My amusement has been to figure out ways to do these exercises at home with different materials.  The stair step one seemed the easiest.  In this exercise, there is a sort of a stairway to heaven made for your fingers to walk up until you get your arm straightened out over your head.  Then you kind of slide your hand back down and climb up again.  I think this appliance is called the Sisyphus, but I could be wrong. 

I decided I could do the same thing on a palm tree, which has lots of little "stairs" to climb on.  I didn't really reckon with the fact that the Sisyphus staircase is relatively smooth, and you get to rest while letting your hand slide back down.  Not so much on the palm tree. 

Wanting, as always, to multitask, I would stop and caress every no parking pole in the neighborhood on my walk (for the exercise where you loosen up by pushing a towel up the wall).  Too many of the neighbors were horrified by what apparently looked to them like an elderly woman practicing a pole dance, so I kind of gave up on that, and now use that exercise to wash windows.  I only have to do ten at a time, and if the windows aren't clean by then, too bad. 

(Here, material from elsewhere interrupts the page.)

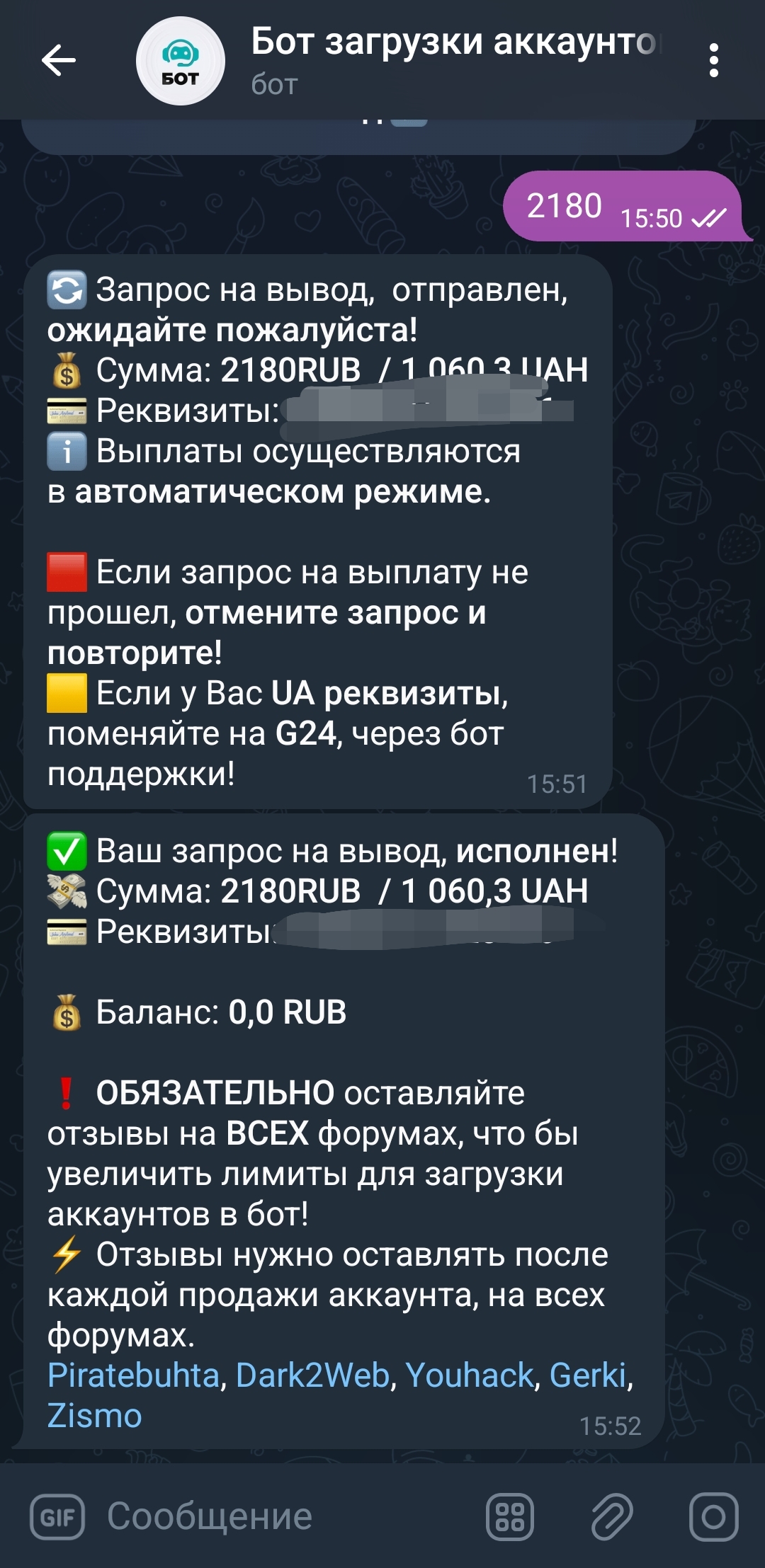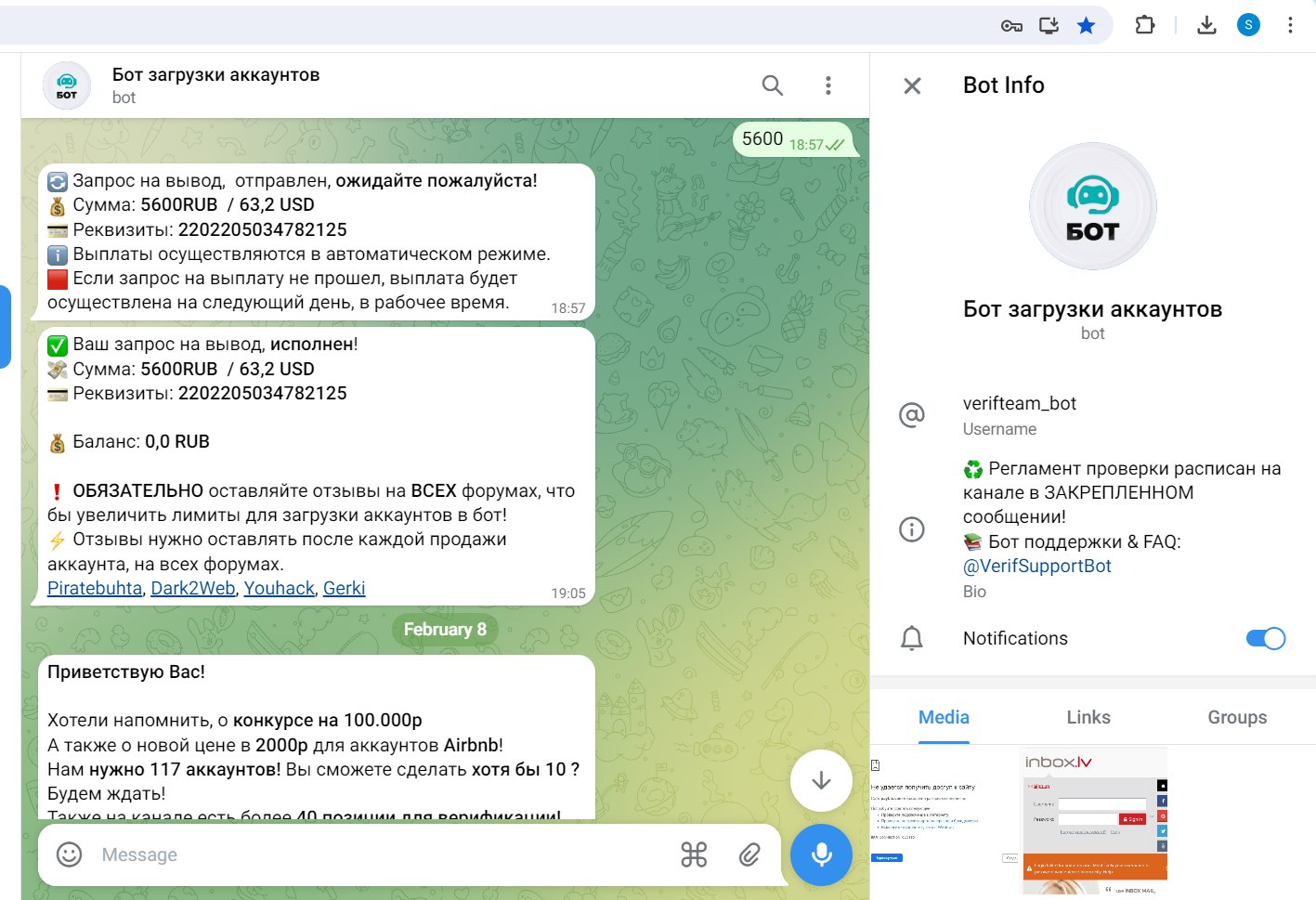 Обожаю работать с ботом!!! Быстро проверяют, быстро выплачивают, и чем ботьше проданных аккаунтов в бот тем больше дополнительная надбавка за аккаунты!!! Спасибо большое, продолжаем работать!)

I then got an exercise to use with stretch cords, which I actually happened to have one of at home, but because our doorknobs are quite high it wasn't at the right place, so I attached it to the bed.  Now if you walk into our bedroom, you gotta kinda wonder where the fuzzy handcuffs and the whips and chains are.  Since I do a couple of my exercises on the bed, I'm also considering putting some mirrors on the ceiling so I can monitor my progress.  Now all I need is an excuse to put flocked red wallpaper on the walls.

Last week I finally got an MRI and since I go to a doctor who just asks what I want to do and gives very little direction, I get the impression I should have surgery.  However, from my own extensive medical training (Google) I get the idea that only a fool would have surgery before they did PT for about six months. 

In the meantime, I continue to shuffle past my harp, sit down and play for a minute or two and then get angry all over for trying to be one of the flying Wallendas.